Coal generation emissions control investments
Coal generation, once the linchpin technology in the U.S. power sector, has seen its share of the overall electricity supply steadily decline for several decades now as the presence of natural gas and renewables has increased. As of 2020, coal accounted for 19% of the overall electricity share in the country, falling below renewables for the first time. As environmental awareness and regulations increased, many coal plants could only continue operating by retrofitting to address sulfur dioxide, nitrogen oxide and mercury emissions.
According to the S&P Global Environmental Project Database, over 100 coal power plants totaling 130 GW – more than half the existing U.S. coal-fired fleet – have undergone or are planning to undergo environmental retrofits in some form. Market Intelligence estimates the total capital cost of these projects to be nearly $34 billion. The financial hit of different types of retrofits can vary substantially but retrofits on larger plants to address multiple types of emissions can cost well over $1 billion.
Now, with the energy transition expected to continue to ramp up, the costs sunk into these coal plants risk being stranded. Retrofits reduce several types of emissions but the most notable — carbon dioxide — does not currently have a financially viable solution to address it. As CO2 emissions restrictions from multiple corners of the industry continue to increase, these coal plants are increasingly at risk. In fact, 22 coal plants that have undergone environmental retrofits costing over $3.5 billion are already tagged for partial or complete retirement. This trend is expected to continue.
The locations of these environmental retrofit projects are scattered across much of the interior and southern U.S., with a notable concentration in the Midcontinent ISO and PJM Interconnection. As the economic pressure on coal plants continues to increase, so too does the risk of the costly investment in many of these plants. While natural gas has been the heir apparent to the shrinking coal fleet, the rapidly increasing push for a clean energy transition is beginning to highlight the growing risk to these assets as well – particularly in regions ahead of the curve in renewable and carbon pricing legislation.
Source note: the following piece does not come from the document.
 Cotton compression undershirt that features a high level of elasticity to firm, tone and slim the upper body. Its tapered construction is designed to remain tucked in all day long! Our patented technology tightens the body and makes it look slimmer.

Stranded investment in merchant natural gas generation
La Paloma Generating, a combined-cycle gas power plant operating in northern California since 2003, ran 73% of the time in 2014, a headline indication of its value as a competitive gas-fired resource in the market run by the California ISO. By 2016 the plant's utilization had fallen to 47% and the plant's owner declared bankruptcy, citing depressed power prices due to increased penetration of solar generation and carbon emissions costs under California's cap-and-trade program. These factors depressed the plant's operating profit margins to the point that it could no longer service debt. Still in receivership, La Paloma's annual capacity factors have fallen below 20% since 2018.
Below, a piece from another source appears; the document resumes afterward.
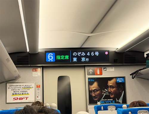 のぞみ46号も普通車は混んでおり、窓側席は取れず通路側に。

While CAISO's market structure has faced criticism for failing to support merchant generation, the La Paloma experience may play out across several markets in the Eastern U.S. which combine rapidly expanding green generation with increasingly robust carbon pricing mechanisms. The natural gas generation fleet, once seen as a key enabler of decarbonization through its replacement of coal plants, may instead become a source of stranded investment, itself displaced by green generation.
From 2019 to the first half of 2021, states from the mid-Atlantic to New England have enacted or augmented Renewable Portfolio Standards or RPS, which drive growing investment in green energy including wind (onshore and offshore), solar and other emissions-free generation. As these facilities interconnect to the organized markets of PJM, the New York ISO and the ISO New England, they have similar effects on wholesale electricity prices to earlier solar penetration in CAISO.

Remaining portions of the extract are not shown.